Трудно думать об этих годах благодати как об избранном периоде здравомыслия и размышлений; и сердца турка и московита устремлены к вещам, которые не способствуют массовому довольству мира. Упорядоченные процессы цивилизации были настолько вывихнуты и разрушены, что перестройка заблокирована в какой-то точке в каждой стране, в нашей не меньше, чем в других. Есть те, кто говорит, что Мировая война вышла за пределы человеческой выносливости; и что особый ужас, порожденный непристойными методами нападения — ядовитыми газами, мощной взрывчаткой и едкими жидкостями, — омрачил веру и сломил дух людей. Но Аттиле удалось превратить изрядную часть цивилизованного мира в пустошь, имея лишь людскую силу в качестве разрушительного фактора. Европа сегодня по сравнению с этим невредима, и есть сородичи, живущие на мирных континентах, к которым она может законно взывать о помощи.

Законно, если только наше довольство не подобно довольству, восхваляемому матерью маленькой Энн; если только наши туфли и чулки не являются показателем бессмысленной предвзятости Бога, и если только созерцание кровоточащих ног нашего соседа не усиливает наше благочестивое удовлетворение. «Я сомневаюсь», — кисло говорит мистер Уэллс, — «что это имело бы какое-то серьезное значение в течение некоторого времени в обычной повседневной жизни Канзас-Сити, если бы вся Европа была превращена в пустыню в ближайшие пять лет». Почему Канзас-Сити был выбран символом безразличия, я не знаю; но пространство оказывает притупляющее влияние на жалость, как и на страх. Чем дальше мы путешествуем от Атлантического побережья, тем более теплое сочувствие к пострадавшей Франции. Чем дальше мы путешествуем от Тихоокеанского побережья, тем слабее предрассудки против Японии.

Возможно, можно построить государство, в котором люди будут довольны своей долей, если они разумны, и долей своих соседей, если они великодушны. Явно невозможно построить мир на этом принципе. Поэтому в лучшей части человеческой души всегда будет скрытая скорбь. Поэтому всегда будет довольство, столь же нечестивое, как и недовольство, от которого Папа молил избавить его.

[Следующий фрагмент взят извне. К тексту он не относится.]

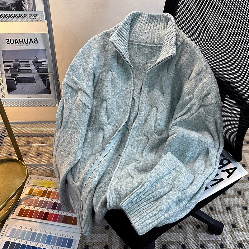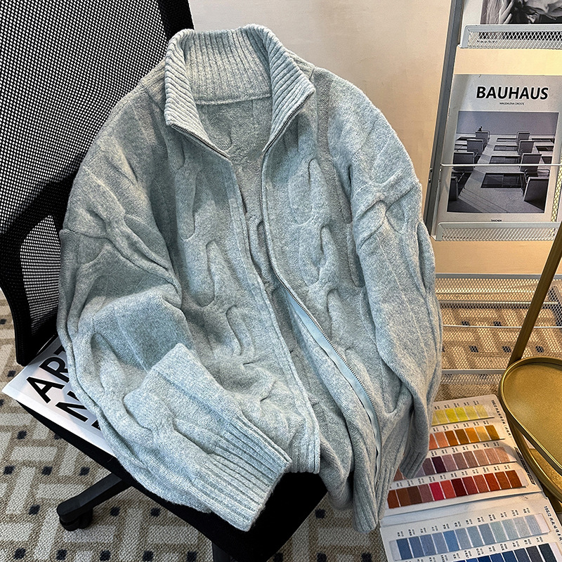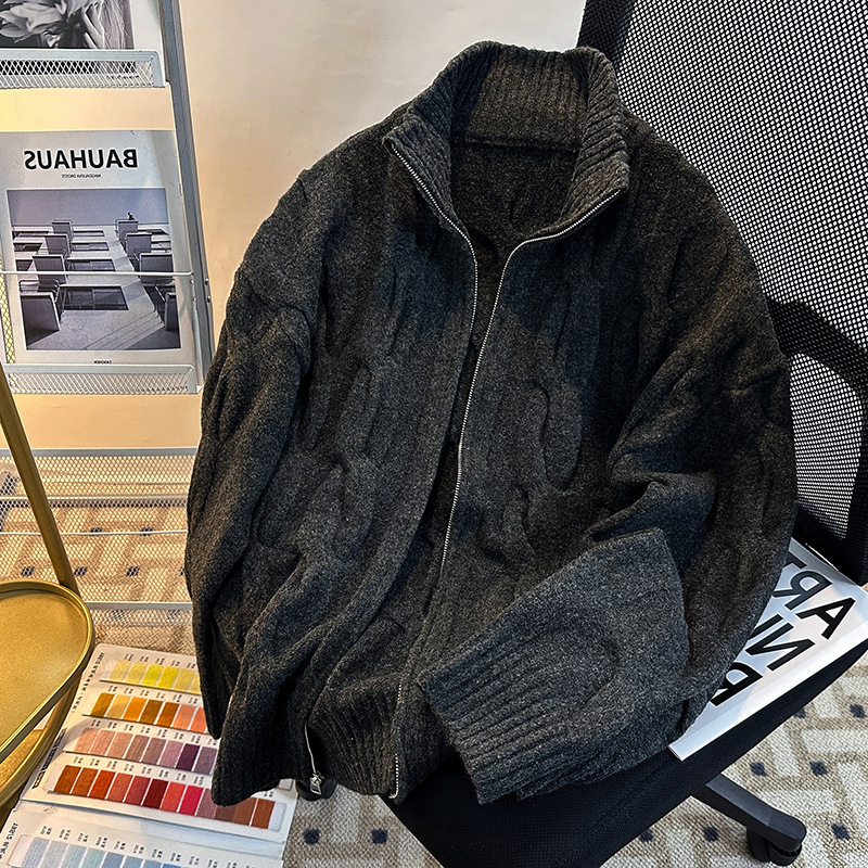 게으른 스타일 수직 칼라 트위스트 스웨터 코트 남자 가을 2025 새로운 느슨한 올 매치 니트 카디건 탑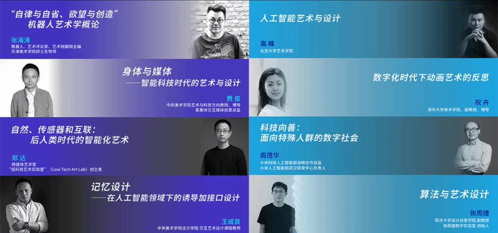 主题演讲环节,艺术评论家、天津美术学院硕士生导师张海涛以《“自律与自省、欲望与创造”——机器人艺术学概论》为题,强调机器人艺术可以理解为一种艺术媒介本体之外的观念延展。中央美术学院博士生导师费俊教授以《身体与媒体——智能科技时代的艺术与设计》为题,通过一系列的作品探讨了媒体对身体的改装、演绎、引导、延伸、互动、链接等身体与媒体之间的一系列关系。“低科技艺术实验室”创立者、我校美术学院副教授郑达以《自然、传感器和互联——后人类时代的智能化艺术》为题,讲述了将人工智能视觉识别、算法等技术灵感注入艺术作品的过程。中央美术学院设计学院王成良老师做了《记忆设计——在人工智能领域下的诱导加接口设计》演讲,指出人工智能艺术与设计所要研究的,是如何映射艺术智能的思维方法、范式和数学模型给计算智能系统。北京大学艺术学院高峰做了题为“人工智能艺术与设计”的演讲,通过自身的艺术实践经历,阐释人工智能对艺术的重新定义。清华大学美术学院副教授、博士生导师祝卉在“数字化时代下动画艺术的反思”演讲中,阐述了科技艺术视阈下,需以新的思维着眼于当代的动画人才培养。小米科技人工智能战略合作总监、小米人工智能部武汉研发中心负责人周茂华先生以“科技向善:面向特殊人群的数字社会”为题,介绍了小米科技设计的无障碍智能化的系列产品,提出用科技手段将技术输出为人文关怀回应“科技向善”的设计理念。同济大学设计创意学院副教授、张周捷数字实验室创始人张周捷在谈及“算法与艺术”时,分析了计算机作为一种纯理性的工具,代表了以计算为核心的“逻辑”思维,并强调计算机算法已成为第三种创造方式。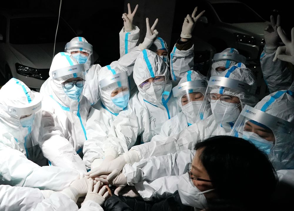 ↑1月7日,在石家莊市裕華區(qū)九里庭院社區(qū),醫(yī)務人員開展核酸檢測前相互加油鼓氣。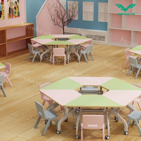 Bàn thang lục giác đơn trung tâm Hanvika HVK-GD-B08 là dòng bàn học nhóm cao cấp được thiết kế đặc biệt dành cho không gian lớp học sáng tạo, trung tâm đào tạo và trường học hiện đại. Với kiểu dáng thang lục giác độc đáo, bàn mang đến sự linh hoạt trong cách bố trí, giúp học sinh dễ dàng tương tác và học tập theo nhóm hiệu quả.

Непрерывная жизнерадостность, не меньше, чем личная опрятность британских военнопленных в Мировую войну, поражала более темпераментных немцев. Давным-давно об Англии было сказано: «Даже наши осужденные весело идут на смерть, ибо наша природа свободна, тверда, горда, расточительна в отношении жизни и крови». Этот героический склад, закаленный до выносливости, свободной от расточительности эмоциональности, порождает внешнее подобие и внутреннее самоуважение довольства, которое обстоятельства делают невозможным. Оно сохраняет душу человека невосприимчивой к любому унижению, которое может испытывать его тело. Оно спасает землю, породившую его, от клейма поражения. Оно отдаленно и по-человечески сродни спокойствию великого Апостола в римской тюрьме. Оно совершенно чуждо греху самодовольства, который прокрался среди домашних добродетелей и сделал их более отвратительными, чем когда-либо, для суровых мыслителей и для тех одиноких, великодушных душ, которые голодают посреди изобилия.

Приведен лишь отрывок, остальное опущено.